AVAILABLE DATA below:

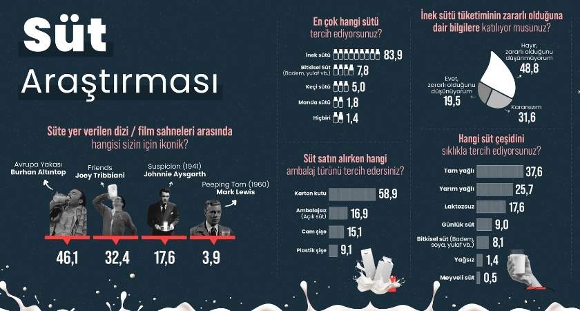 Araştırmanın eğlenceli sorularından biri de dizi ve filmlerdeki ikonik süt sahneleri. Avrupa Yakası’nın unutulmaz karakteri Burhan Altıntop’ın süt içme sahnesi yüzde 46,1 ile en ikonik sahne olarak seçiliyor. Yine unutulmazlardan biri olan Friends karakteri Joey Tribbiani’nin sütü başına diktiği eğlenceli sahne yüzde 32,4 ile ikinci seçiliyor. Genellikle saflığı ve temizliği temsil eden süt, bazı film ve dizlerde ise ters köşe bir sembol olarak kullanılarak tehlikeyi çağrıştırıyor. Bu anlamdaki en ikonik film sahneleri ise Suspicion (Yüzde 17,6) ve Peeping Tom (Yüzde 3,9) seçiliyor.
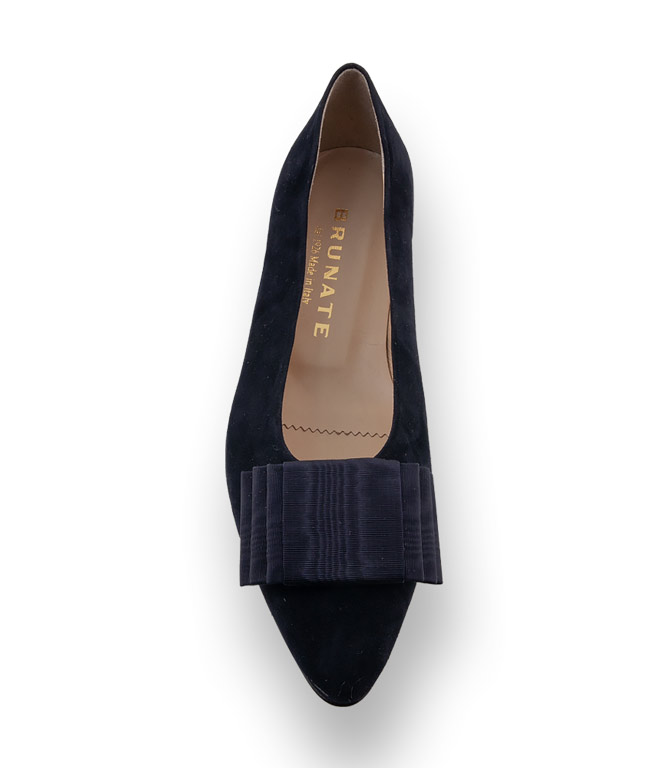 Dunkelblaues Veloursleder eine effektvolle Moiréschleife und die elegante spitze Kappe veredelt ihr Outfit auf stilvolle Weise. Feinstes Futterleder und eine Ledersohle begünstigen den Tragekomfort. Modischer Chic aus Italien.
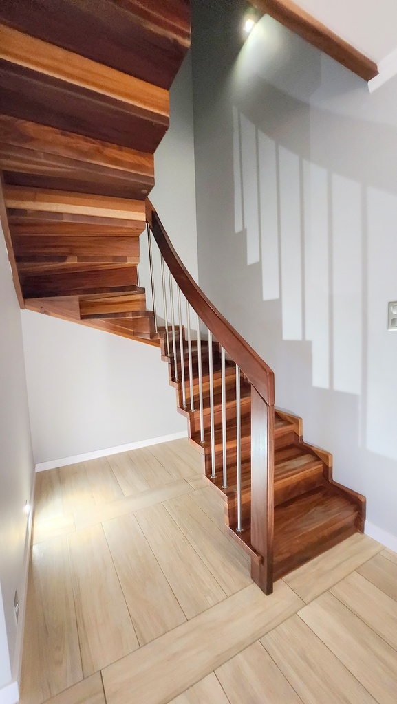 Schody na piętro oraz podłogi na piętrze z drewna egzotycznego.
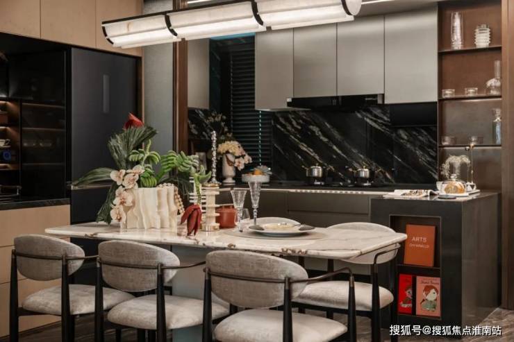 另外一方面,客卫的移位释放了大量的空间,放大了翎翠滨江餐厅、厨房,尺度感、通透性极强,并且做到了几乎0空间浪费。
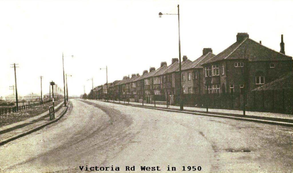 This photograph from 1950 shows the view down Victoria Road West from the Mill Lane junction. You can see the slope of the Reservoir on the right hand side of the foreground. Across the street is a farmer’s corn field:
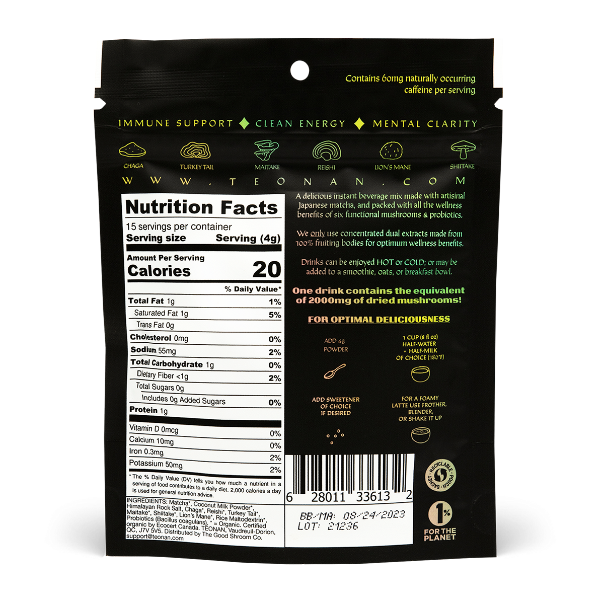 Matcha", Coconut Milk Powder, Himalayan Rock Salt, Chaga", Reishi", Turkey Tail", Maitake, Shiitake", Lion's Mane, Rice Maltodextrin, Probiotics (Bacillus coagulans), Organic. Certified organic by Ecocert Canada.
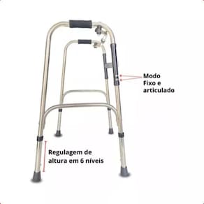 Andador adulto idoso dobrável regulável alumínio supermedy Conteúdo da embalagem: - andador 2 barras supermedy; O andador 2 barras da supermedy é uma excelente escolha para aqueles que precisam de apoio adicional ao caminhar. Com sua regulagem de altura de 6 níveis, estrutura de aço durável e capacidade de dobrar-se para facilitar o armazenamento e transporte, este andador oferece conforto, estabilidade e praticidade para usuários de todas as idades. Construído em aço cromado, é muito firme, resistente e durável. Diferenciais: - qualidade supermedy; - regulagem de altura de 6 níveis: para se adaptarem às necessidades individuais do usuário; - dobrável para facilitar o armazenamento e transporte: torna-se compacto e fácil de armazenar em casa ou no carro; - estrutura de aço durável: construído com uma estrutura de aço resistente, este andador oferece durabilidade e estabilidade, proporcionando um suporte confiável para usuários de até 120kg. Especificações e características: Dimensões: Largura: 52 cm Altura: regulável entre 75 a 85cm Capacidade de peso: 120 kg Cor: cromado + preto Tamanho fechado: 11x52x75 Peso: 2,5kg Material: aço Vantagens e benefícios: Não necessita montagem; Fácil de guardar: totalmente dobrável; Fácil de movimentar; Ergonômico; Seguro e resistente. -registro ministério da saúde / anvisa: 80499940034 Nossos produtos atendem aos mais exigentes padrões de qualidade. Em caso de dúvidas, seguimos à disposição pelo campo de perguntas. Dúvidas frequentes: - o produto tem - r. 3 meses de , contra defeitos de fabricação. Marca: Não Informado
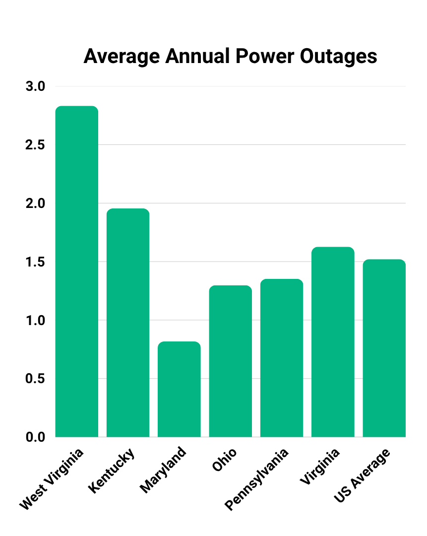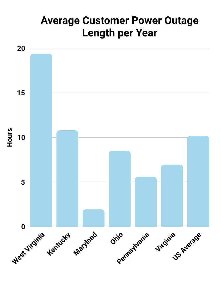 The average West Virginian will lose electricity at least twice per year, for a total of nearly 20 hours. Adapted from Electric Power Annual.
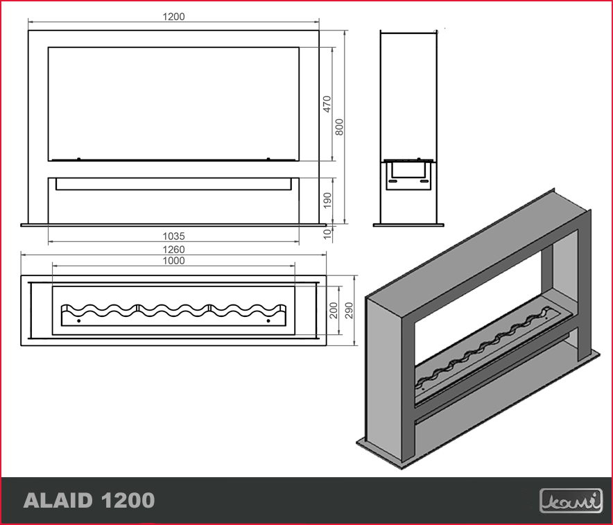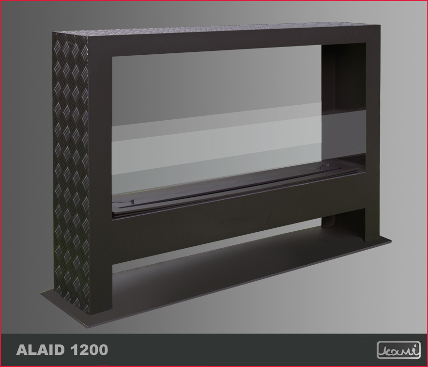 Biokominek Alaid 1200 to model wolnostojący dający wiele możliwości aranżacji. Prosta obudowa sprawia, że kominek można postawić niemal w każdym pomieszczeniu, a jego przestrzenna bryła pozwala cieszyć się widokiem ognia z wielu miejsc. Zastosowany w nim wkład 1000/200 zapewni piękną, długą linię ognia.
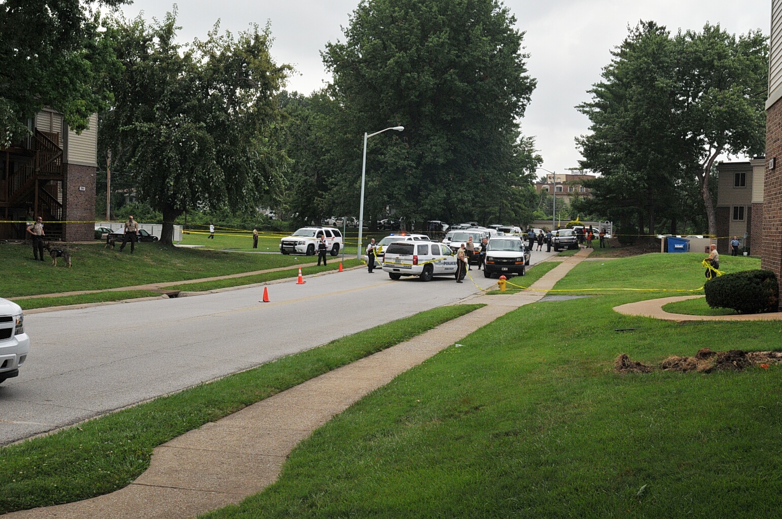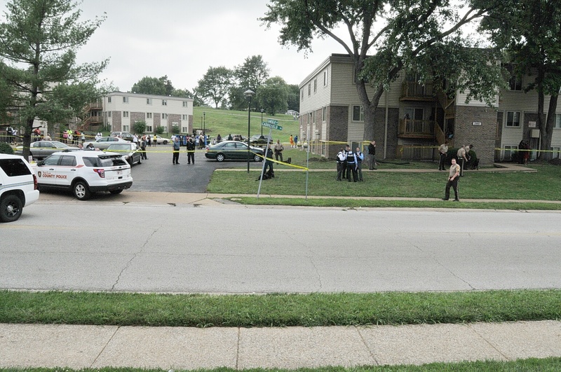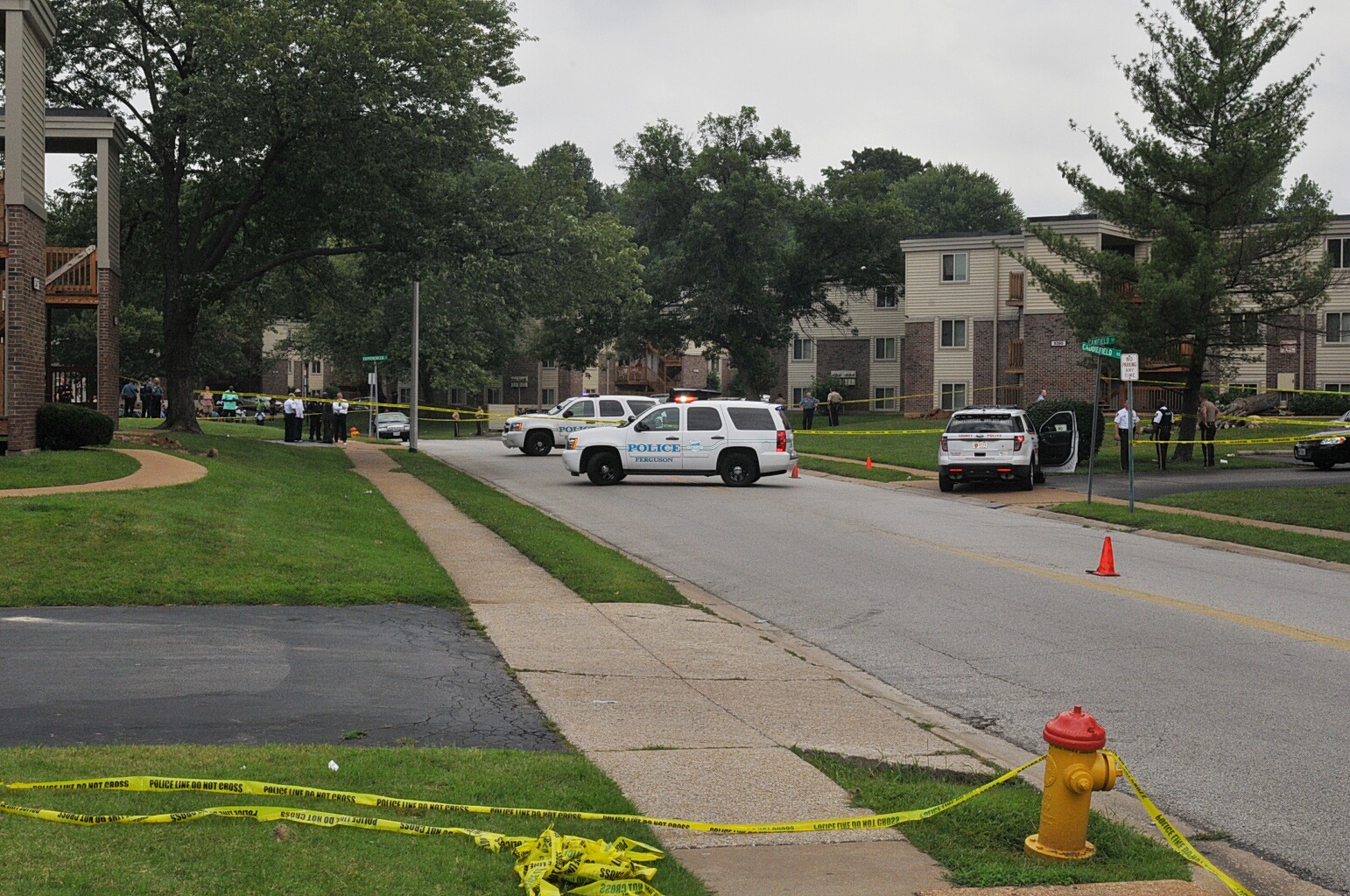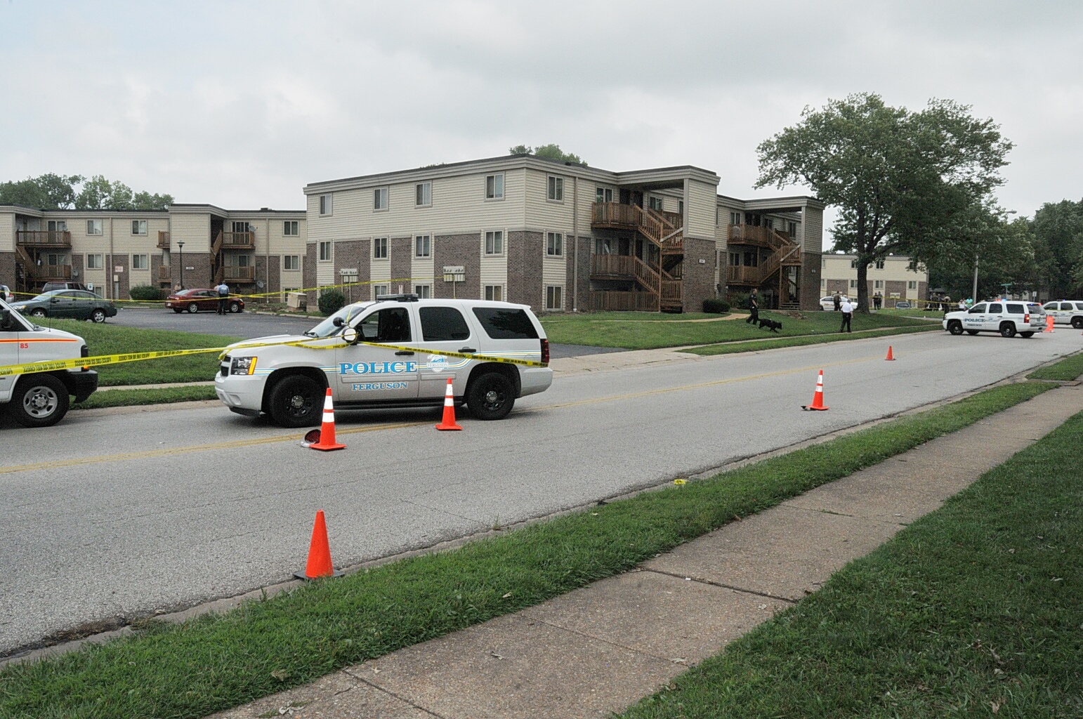 Case: State of Missouri v Darren Wilson. Photos : police cars and yellow tape blocking street

End of AVAILABLE DATA.

◆ **WHAT THE TASK REQUIRES**: Go through the listing and restate each line word for word, leaving out the pictures.

◆ **OUTPUT**:
 Araştırmanın eğlenceli sorularından biri de dizi ve filmlerdeki ikonik süt sahneleri. Avrupa Yakası’nın unutulmaz karakteri Burhan Altıntop’ın süt içme sahnesi yüzde 46,1 ile en ikonik sahne olarak seçiliyor. Yine unutulmazlardan biri olan Friends karakteri Joey Tribbiani’nin sütü başına diktiği eğlenceli sahne yüzde 32,4 ile ikinci seçiliyor. Genellikle saflığı ve temizliği temsil eden süt, bazı film ve dizlerde ise ters köşe bir sembol olarak kullanılarak tehlikeyi çağrıştırıyor. Bu anlamdaki en ikonik film sahneleri ise Suspicion (Yüzde 17,6) ve Peeping Tom (Yüzde 3,9) seçiliyor.
 Dunkelblaues Veloursleder eine effektvolle Moiréschleife und die elegante spitze Kappe veredelt ihr Outfit auf stilvolle Weise. Feinstes Futterleder und eine Ledersohle begünstigen den Tragekomfort. Modischer Chic aus Italien.
 Schody na piętro oraz podłogi na piętrze z drewna egzotycznego.
 另外一方面,客卫的移位释放了大量的空间,放大了翎翠滨江餐厅、厨房,尺度感、通透性极强,并且做到了几乎0空间浪费。
 This photograph from 1950 shows the view down Victoria Road West from the Mill Lane junction. You can see the slope of the Reservoir on the right hand side of the foreground. Across the street is a farmer’s corn field:
 Matcha", Coconut Milk Powder, Himalayan Rock Salt, Chaga", Reishi", Turkey Tail", Maitake, Shiitake", Lion's Mane, Rice Maltodextrin, Probiotics (Bacillus coagulans), Organic. Certified organic by Ecocert Canada.
 Andador adulto idoso dobrável regulável alumínio supermedy Conteúdo da embalagem: - andador 2 barras supermedy; O andador 2 barras da supermedy é uma excelente escolha para aqueles que precisam de apoio adicional ao caminhar. Com sua regulagem de altura de 6 níveis, estrutura de aço durável e capacidade de dobrar-se para facilitar o armazenamento e transporte, este andador oferece conforto, estabilidade e praticidade para usuários de todas as idades. Construído em aço cromado, é muito firme, resistente e durável. Diferenciais: - qualidade supermedy; - regulagem de altura de 6 níveis: para se adaptarem às necessidades individuais do usuário; - dobrável para facilitar o armazenamento e transporte: torna-se compacto e fácil de armazenar em casa ou no carro; - estrutura de aço durável: construído com uma estrutura de aço resistente, este andador oferece durabilidade e estabilidade, proporcionando um suporte confiável para usuários de até 120kg. Especificações e características: Dimensões: Largura: 52 cm Altura: regulável entre 75 a 85cm Capacidade de peso: 120 kg Cor: cromado + preto Tamanho fechado: 11x52x75 Peso: 2,5kg Material: aço Vantagens e benefícios: Não necessita montagem; Fácil de guardar: totalmente dobrável; Fácil de movimentar; Ergonômico; Seguro e resistente. -registro ministério da saúde / anvisa: 80499940034 Nossos produtos atendem aos mais exigentes padrões de qualidade. Em caso de dúvidas, seguimos à disposição pelo campo de perguntas. Dúvidas frequentes: - o produto tem - r. 3 meses de , contra defeitos de fabricação. Marca: Não Informado
 The average West Virginian will lose electricity at least twice per year, for a total of nearly 20 hours. Adapted from Electric Power Annual.
 Biokominek Alaid 1200 to model wolnostojący dający wiele możliwości aranżacji. Prosta obudowa sprawia, że kominek można postawić niemal w każdym pomieszczeniu, a jego przestrzenna bryła pozwala cieszyć się widokiem ognia z wielu miejsc. Zastosowany w nim wkład 1000/200 zapewni piękną, długą linię ognia.
 Case: State of Missouri v Darren Wilson. Photos : police cars and yellow tape blocking street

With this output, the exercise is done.